**GOAL OF THE EXERCISE**
Reproduce the records below in full and exactly, without their images.
Segment Start: MATERIAL FOR THIS TASK
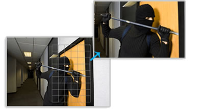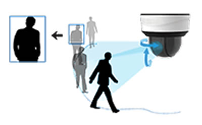【自動追尾機能】 自動追尾(オートトラッキング)機能を有効にすると、 パン・チルト機能を利用して動いている対象物を自動的に追尾することが可能です。 また光学ズーム機能を利用して対象物の距離に応じて自動的にズームステータスを調整します。 ターゲットは画面の中央に表示され、適切なサイズにズームアップされることで、スマートで信頼性の高いビデオ監視を提供します。 ※追跡中に監視エリア外に移動するなどで動く対象物を喪失した場合、あらかじめ設定した時間(秒)が経過すると元の監視ポジションに戻り、再び監視を継続します。 |
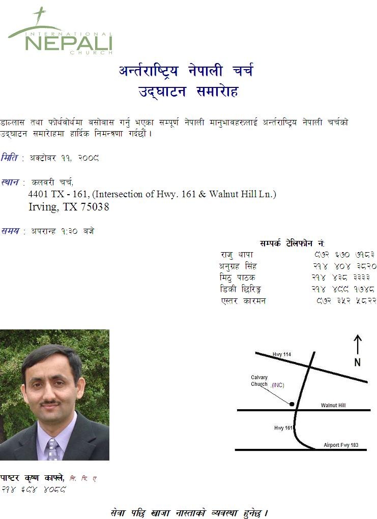 Please join us for the  grand opening of International Nepali Church in Irving, TX. Pastor Krishna Kafle who has been in the ministry for more than 16 years has started a church to serve all nepali speaking communities in Dallas, TX. He has been living here in USA for more than 10 years with his wife and three children. His educational background includes theological training in Master of Divinity  and secular study in Science (B.Sc) and Business study (BBA, MBA) from US and Canada. He also holds professional license of CPA (Certified Public Accountant) . Everyone is invited in this Grand opening ceremony. There will be refreshment after the service.
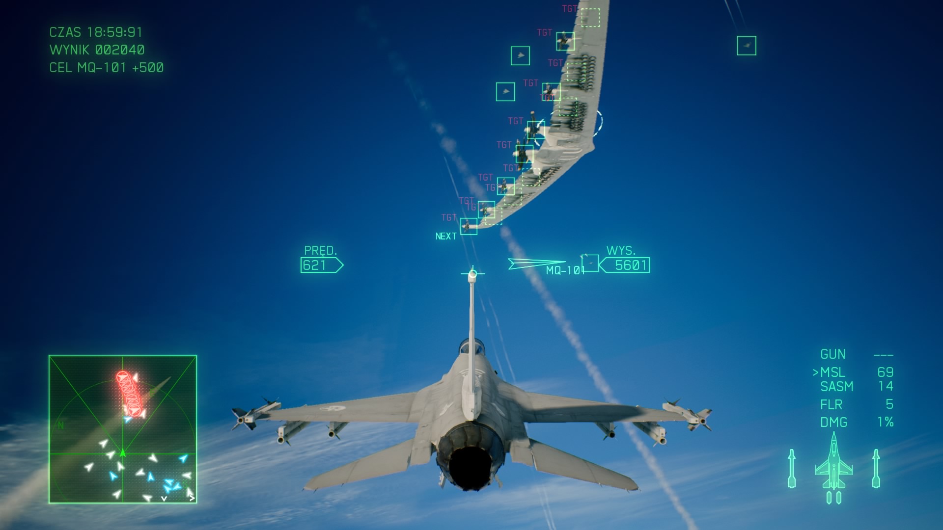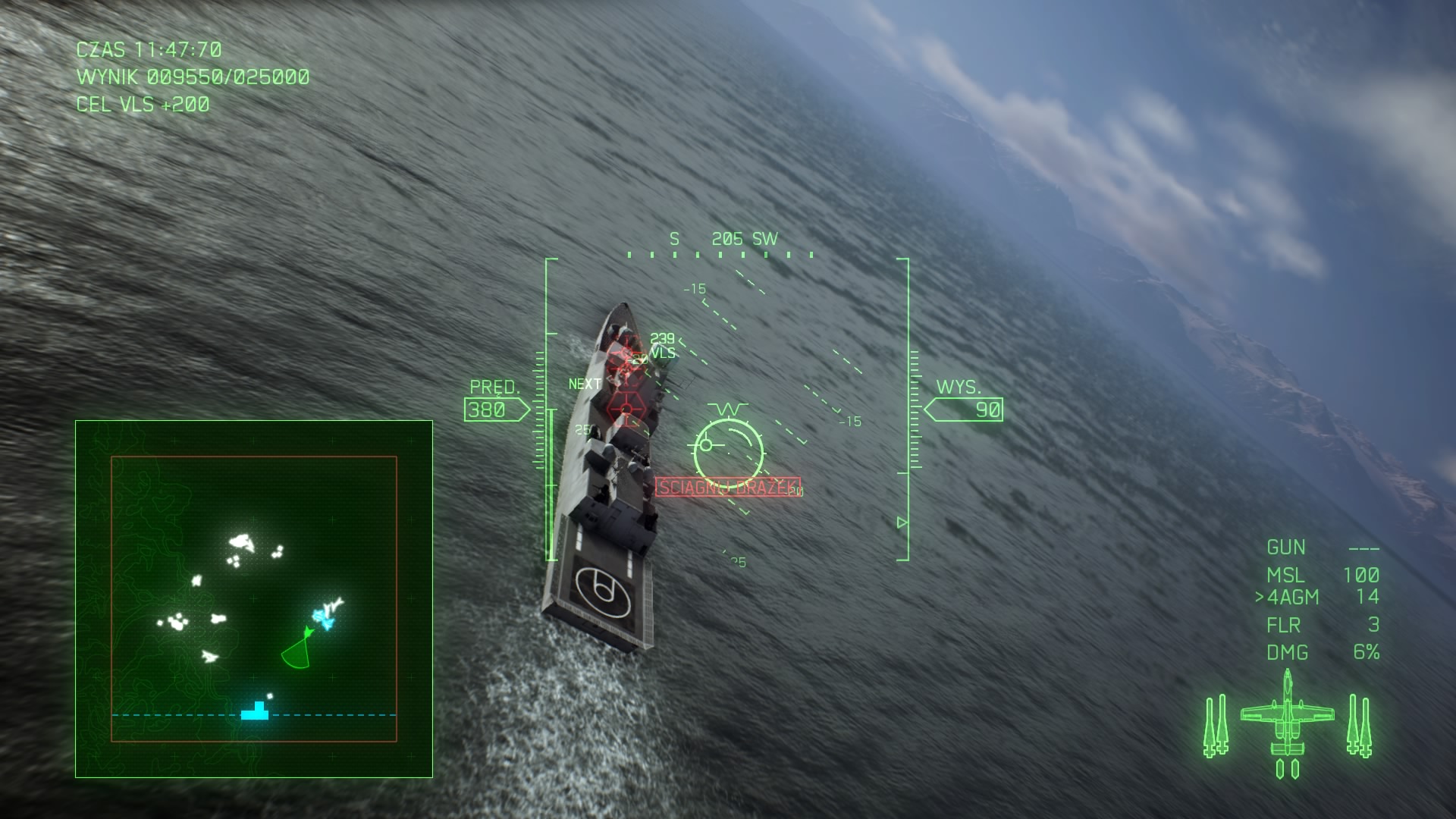 Zanim jednak przejdę do samolotów, to słów kilka o misjach w fabule, bo zostały one mocno urozmaicone. Naszym zadaniem nie będzie tylko eliminowanie kolejnych samolotów, czy helikopterów, ale sporą cześć stanową walki z bezzałogowymi dronami, które są bardzo szybkie i niczym snajper czekający pół dnia na oddany strzał, tak i my musimy odpowiednio się ustawić i wyczekać odpowiedni moment do zestrzelenia drona. W wielu misjach będziemy mieli do zniszczenia całe armie wojsk lądowych, jak działa przeciwlotnicze, czołgi, czy ciężarówki z rakietami a nawet okręty wodne, jak pancerniki, czy lotniskowce.
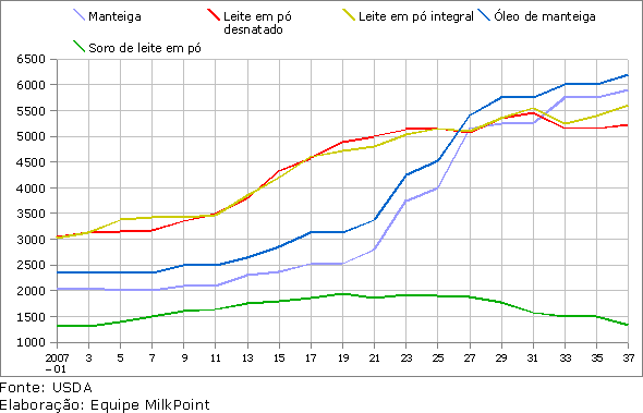 O óleo de manteiga exportado do Oeste da Europa atingiu novo recorde, sendo vendido entre US$ 5.900/t e US$ 6.500/t, representando um aumento médio de 3,3% frente à segunda quinzena de agosto. Os valores significam um acréscimo de 172% em relação ao mesmo período de 2006.
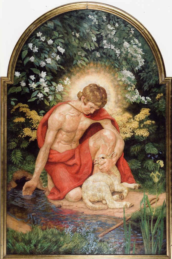 Med baggrund af Det gamle Testamentes salme 23 har Niels Skovgaard i 1910 malet et hyrdebillede, som er ren trøst og salighed: et fredfyldt paradis. Niels Skovgaard (1858-1938) har ligesom sin storebror Joakim skabt flere fortolkninger af Den gode hyrde, også voldsomme billeder af hyrdens kamp mod ulven. I det viste billede er dramaet imidlertid tilbagelagt og afløst af fuldendelse: Under en blomstrende jasmin knæler hyrden i saftigt græs ved et rent vandløb, som spejler himlens blå. Han bader omsorgsfuldt sit skadede lams sår. Billedet er malet specielt til Rigshospitalets kirke, hvor intet kan være mere passende end symboler for omsorg og trøst. Vandløbet er også en reference til dåben som i flere andre af Niels Skovgaards grundtvigsk inspirerede værker. Det er en ung, blond dreng, som udfylder lignelsens rolle som hyrde, udstyret med en stav. Den luerøde kappe sammen med solglorien identificerer ham samtidig som Kristus. I det alvorligt indadvendte udtryk kan læses en dyb bevidsthed om lidelsen. – Niels Skovgaard havde som altid gjort omhyggelige modelstudier: af den muskuløse dreng, af lammet (fra herregården Knabstrup) og af jasminen. Dette idylliske billede findes ikke længere på Rigshospitalet, men på Skovgaardmuseet i Viborg. Det er bl.a. gengivet i museets flotte, store bog “Niels Skovgaard – Maler . Billedhugger . Keramiker . Illustrator”. Rigshospitalets kirke har i mellemtiden fået nutidig, god kunst.
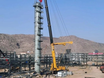 近日,由开云·电子(中国)官方网站EPC总承包的内蒙东景BDO项目丁二醇主装置低沸塔缓缓起吊,经过2个小时的紧张施工,稳稳地吊装到指定位置上。
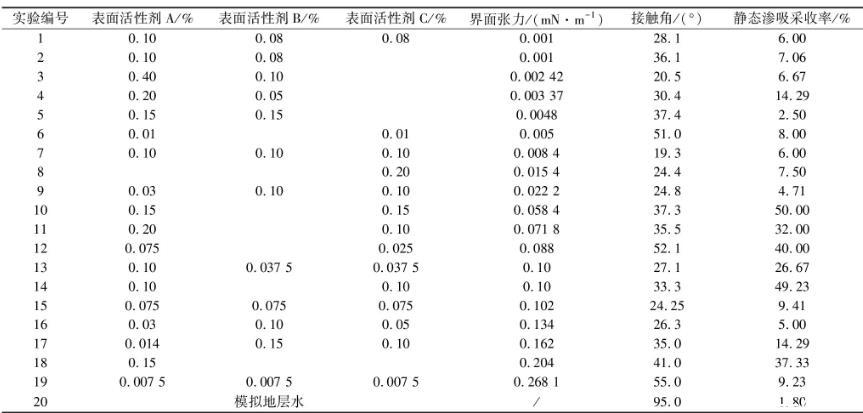 根據(jù)國內(nèi)外學(xué)者的研究,滲吸液對(duì)滲吸的影響主要是改變油水界面張力、潤(rùn)濕性、乳化性和pH值。乳化性主要是通過乳化分散,從而增強(qiáng)油滴在巖心孔道內(nèi)的流動(dòng)能力;pH值則主要是影響滲吸液的乳化能力。本次實(shí)驗(yàn)采取靜態(tài)滲吸的方式,乳化性的作用相對(duì)較小,故滲吸液配制指標(biāo)為界面張力與潤(rùn)濕性。
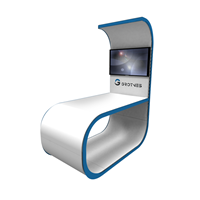 Sleek and contemporary branded kiosk with open oval counter and functional accessory options.
Segment End: MATERIAL FOR THIS TASK
**RESPONSE AREA**
【自動追尾機能】 自動追尾(オートトラッキング)機能を有効にすると、 パン・チルト機能を利用して動いている対象物を自動的に追尾することが可能です。 また光学ズーム機能を利用して対象物の距離に応じて自動的にズームステータスを調整します。 ターゲットは画面の中央に表示され、適切なサイズにズームアップされることで、スマートで信頼性の高いビデオ監視を提供します。 ※追跡中に監視エリア外に移動するなどで動く対象物を喪失した場合、あらかじめ設定した時間(秒)が経過すると元の監視ポジションに戻り、再び監視を継続します。 |
 Please join us for the  grand opening of International Nepali Church in Irving, TX. Pastor Krishna Kafle who has been in the ministry for more than 16 years has started a church to serve all nepali speaking communities in Dallas, TX. He has been living here in USA for more than 10 years with his wife and three children. His educational background includes theological training in Master of Divinity  and secular study in Science (B.Sc) and Business study (BBA, MBA) from US and Canada. He also holds professional license of CPA (Certified Public Accountant) . Everyone is invited in this Grand opening ceremony. There will be refreshment after the service.
 Zanim jednak przejdę do samolotów, to słów kilka o misjach w fabule, bo zostały one mocno urozmaicone. Naszym zadaniem nie będzie tylko eliminowanie kolejnych samolotów, czy helikopterów, ale sporą cześć stanową walki z bezzałogowymi dronami, które są bardzo szybkie i niczym snajper czekający pół dnia na oddany strzał, tak i my musimy odpowiednio się ustawić i wyczekać odpowiedni moment do zestrzelenia drona. W wielu misjach będziemy mieli do zniszczenia całe armie wojsk lądowych, jak działa przeciwlotnicze, czołgi, czy ciężarówki z rakietami a nawet okręty wodne, jak pancerniki, czy lotniskowce.
 O óleo de manteiga exportado do Oeste da Europa atingiu novo recorde, sendo vendido entre US$ 5.900/t e US$ 6.500/t, representando um aumento médio de 3,3% frente à segunda quinzena de agosto. Os valores significam um acréscimo de 172% em relação ao mesmo período de 2006.
 Med baggrund af Det gamle Testamentes salme 23 har Niels Skovgaard i 1910 malet et hyrdebillede, som er ren trøst og salighed: et fredfyldt paradis. Niels Skovgaard (1858-1938) har ligesom sin storebror Joakim skabt flere fortolkninger af Den gode hyrde, også voldsomme billeder af hyrdens kamp mod ulven. I det viste billede er dramaet imidlertid tilbagelagt og afløst af fuldendelse: Under en blomstrende jasmin knæler hyrden i saftigt græs ved et rent vandløb, som spejler himlens blå. Han bader omsorgsfuldt sit skadede lams sår. Billedet er malet specielt til Rigshospitalets kirke, hvor intet kan være mere passende end symboler for omsorg og trøst. Vandløbet er også en reference til dåben som i flere andre af Niels Skovgaards grundtvigsk inspirerede værker. Det er en ung, blond dreng, som udfylder lignelsens rolle som hyrde, udstyret med en stav. Den luerøde kappe sammen med solglorien identificerer ham samtidig som Kristus. I det alvorligt indadvendte udtryk kan læses en dyb bevidsthed om lidelsen. – Niels Skovgaard havde som altid gjort omhyggelige modelstudier: af den muskuløse dreng, af lammet (fra herregården Knabstrup) og af jasminen. Dette idylliske billede findes ikke længere på Rigshospitalet, men på Skovgaardmuseet i Viborg. Det er bl.a. gengivet i museets flotte, store bog “Niels Skovgaard – Maler . Billedhugger . Keramiker . Illustrator”. Rigshospitalets kirke har i mellemtiden fået nutidig, god kunst.
 近日,由开云·电子(中国)官方网站EPC总承包的内蒙东景BDO项目丁二醇主装置低沸塔缓缓起吊,经过2个小时的紧张施工,稳稳地吊装到指定位置上。
 根據(jù)國內(nèi)外學(xué)者的研究,滲吸液對(duì)滲吸的影響主要是改變油水界面張力、潤(rùn)濕性、乳化性和pH值。乳化性主要是通過乳化分散,從而增強(qiáng)油滴在巖心孔道內(nèi)的流動(dòng)能力;pH值則主要是影響滲吸液的乳化能力。本次實(shí)驗(yàn)采取靜態(tài)滲吸的方式,乳化性的作用相對(duì)較小,故滲吸液配制指標(biāo)為界面張力與潤(rùn)濕性。
 Sleek and contemporary branded kiosk with open oval counter and functional accessory options.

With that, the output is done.